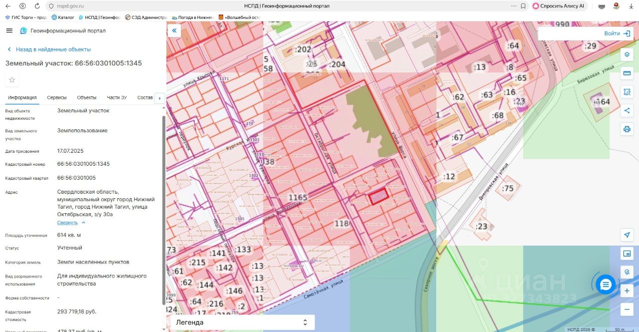 Лот 5. Земельный участок для индивидуального жилищного строительства. Категория земель земли населенных пунктов. Кадастровый номер 66:56:0301005:1345. Местоположение: Свердловская область, муниципальный округ город Нижний Тагил, город Нижний Тагил, улица Октябрьская, з/у 30а. Площадь земельного участка 614 кв. метров. Разрешенное использование земельного участка для индивидуального жилищного строительства. Начальная цена (кадастровая стоимость земельного участка) 293 719 (двести девяносто три тысячи семьсот девятнадцать) рублей 18 копеек. "Шаг аукциона" 14 600 (четырнадцать тысяч шестьсот) рублей. Размер задатка 58 700 (пятьдесят восемь тысяч семьсот) рублей
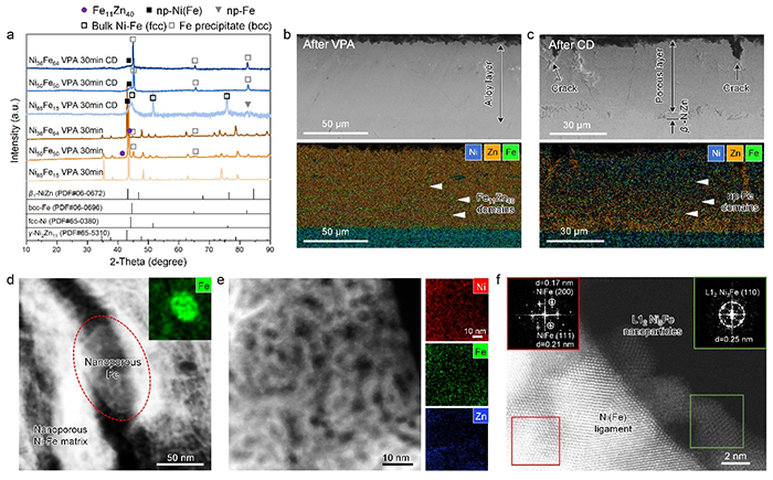 图3展示Ni-Fe体系在VPA-CD过程中的结构演化。脱合金过程中形成纳米多孔Ni(Fe)骨架,并原位生成有序Ni₃Fe纳米颗粒,构建稳定异质界面结构,为高效析氧反应提供协同催化位点。
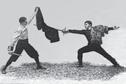 Profesor Berti se dýkou a pláštem brání útoku kordem od svého žáka. Tento snímek z roku 1905, pořízený opět ve stavovské šermírně, bychom mohli pokládat za první zárodky historického šermu u nás. Zmíněné zbraně se totiž v roce 1905 už běžně nepoužívaly.

Task details: It would help to have the listing above repeated exactly, with all images removed.

Result below:
 Лот 5. Земельный участок для индивидуального жилищного строительства. Категория земель земли населенных пунктов. Кадастровый номер 66:56:0301005:1345. Местоположение: Свердловская область, муниципальный округ город Нижний Тагил, город Нижний Тагил, улица Октябрьская, з/у 30а. Площадь земельного участка 614 кв. метров. Разрешенное использование земельного участка для индивидуального жилищного строительства. Начальная цена (кадастровая стоимость земельного участка) 293 719 (двести девяносто три тысячи семьсот девятнадцать) рублей 18 копеек. "Шаг аукциона" 14 600 (четырнадцать тысяч шестьсот) рублей. Размер задатка 58 700 (пятьдесят восемь тысяч семьсот) рублей
 图3展示Ni-Fe体系在VPA-CD过程中的结构演化。脱合金过程中形成纳米多孔Ni(Fe)骨架,并原位生成有序Ni₃Fe纳米颗粒,构建稳定异质界面结构,为高效析氧反应提供协同催化位点。
 Profesor Berti se dýkou a pláštem brání útoku kordem od svého žáka. Tento snímek z roku 1905, pořízený opět ve stavovské šermírně, bychom mohli pokládat za první zárodky historického šermu u nás. Zmíněné zbraně se totiž v roce 1905 už běžně nepoužívaly.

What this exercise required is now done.